The limitation of child care to care of children under the age of 18 (in the FMLA portion of the Act) is potentially harmful to the parents of older children with disabilities (e.g., the parent of a child whose severe autism has kept that child in the public schools past age 18). This apparent gap in FMLA coverage is striking, given that the definitions used in the paid sick leave portion of the Act include children who are 18 years or older and incapable of self-care because of mental or physical disability. It is possible that administrative relief will be offered by DOL in such instances. Again, this issue would be limited to smaller employers subject to the Act’s FMLA leave mandate.

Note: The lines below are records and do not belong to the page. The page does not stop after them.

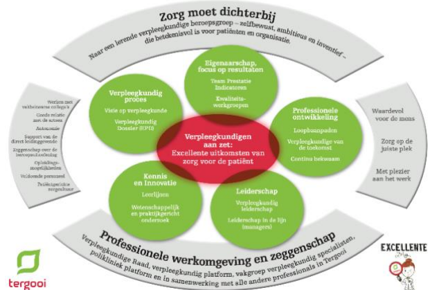
Professioneel Praktijk Model Verpleegkunde Tergooi

In Tergooi startten in 2016 de verpleegkundigen met een traject voor het verbeteren van de werkomgeving en professionele zeggenschap. Ter ondersteuning ontwikkelden zij het professionele praktijkmodel (figuur). Een nulmeting op basis van de pijlers Excellente zorg hielp de verpleegkundigen om te bepalen wat er nodig was om een sterke verpleegkundige organisatie neer te zetten. Een herhaalde meting in 2019 liet zien dat verbeteringen op alle Excellente zorg-pijlers zichtbaar was. Ook de komende jaren werkt Tergooi aan het versterken van de verpleegkundige organisatie en professionele zeggenschap, met elke drie jaar metingen zodat er inzicht is in de ontwikkelingen en waar nodig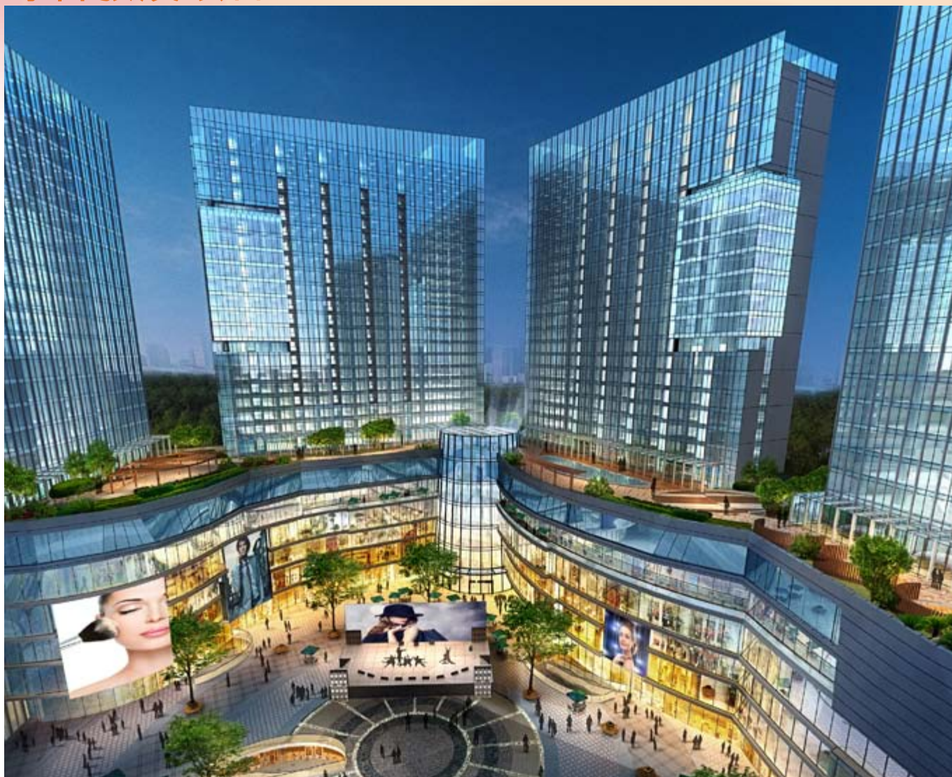
■ 位於四川成都新都區之綜合發展項目第一階段之購物商場及商務大樓(*)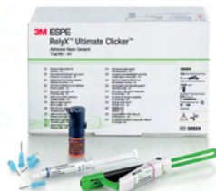
RelyX™ Ultimate Clicker™ testovací balení – A1 (obj. č. 56924)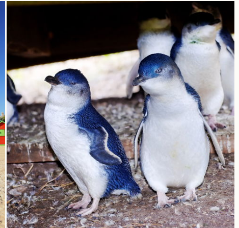
Pinguine auf Phillip Island, Australien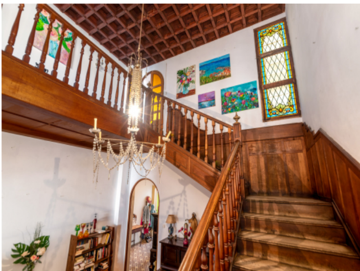
Treppenhaus und sehr hohe Decken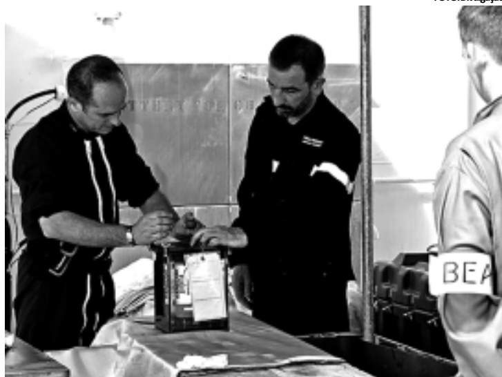
Peça recuperada no domingo dá esperança para que acidente seja solucionado

De acordo com a portaria, medidas de segurança tecnológica vão garantir que não seja violado o direito constitucional à intimidade, à vida privada, à integralidade das informações e à confidencialidade dos dados dos usuários.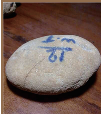
达马坎场区的黄沙皮翡翠原石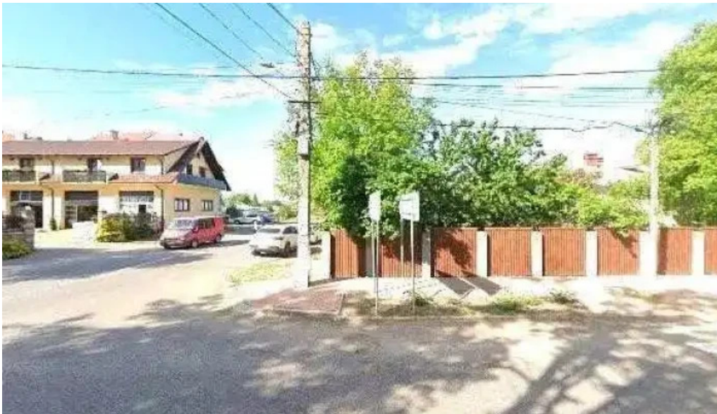
Liceul tehnologic bucecea street view si 360deg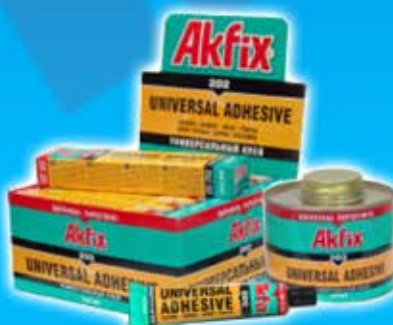
Colle universelle 202 R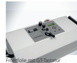
Frontfolie mit GT-Tastatur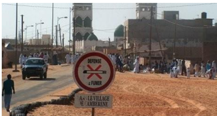
Figure 4 : La zone « sainte » de Cambéréne ( https://www.xibar.net/Operation-de-desencombrement-a-Camberene-Le-maire-bute-sur-la-resistance-des-populations_a55461.html xibar.net).

Pendant longtemps, la proximité du centre-ville a encouragé l'installation de nouveaux arrivant·es. Les espaces les plus éloignés du centre-ville, tels que Cambéréne, situés à la sortie de Dakar et jouxtant la ville périurbaine de Guédiawaye, ont connu une croissance démographique moins rapide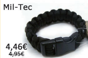
Pulsera Paracord de 15mm. Varios tamaños y colores.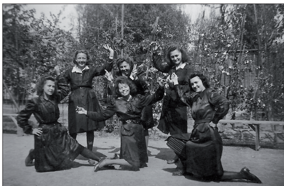
Az Angolkisasszonyok kereskedelmi iskolájának növendékei játssza- nak (1943-ban)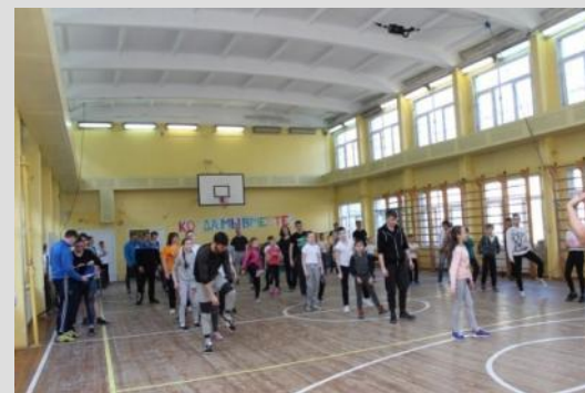
Спортивный семейный праздник «Когда мы вместе»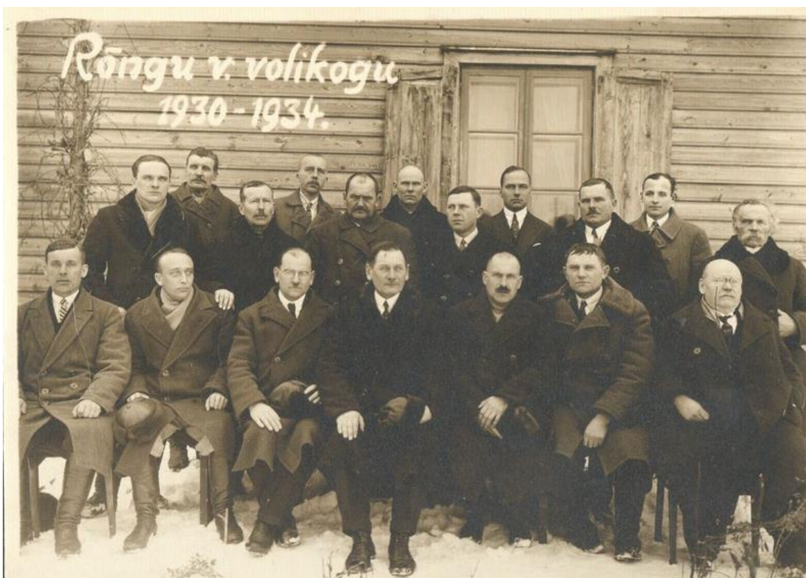
Pilt nr. 6. Rõngu valla volikogu 1930-1934. 287

The Act includes special rules for employers that are subject to the paid leave mandates and also participate in multiemployer plans. The intent of these provisions is to permit such employers to take credit for paid leave provided under the multiemployer plan toward the mandates and to qualify for the corresponding tax credits. How this will work mechanically in practice will undoubtedly be subject to further administrative clarification and guidance.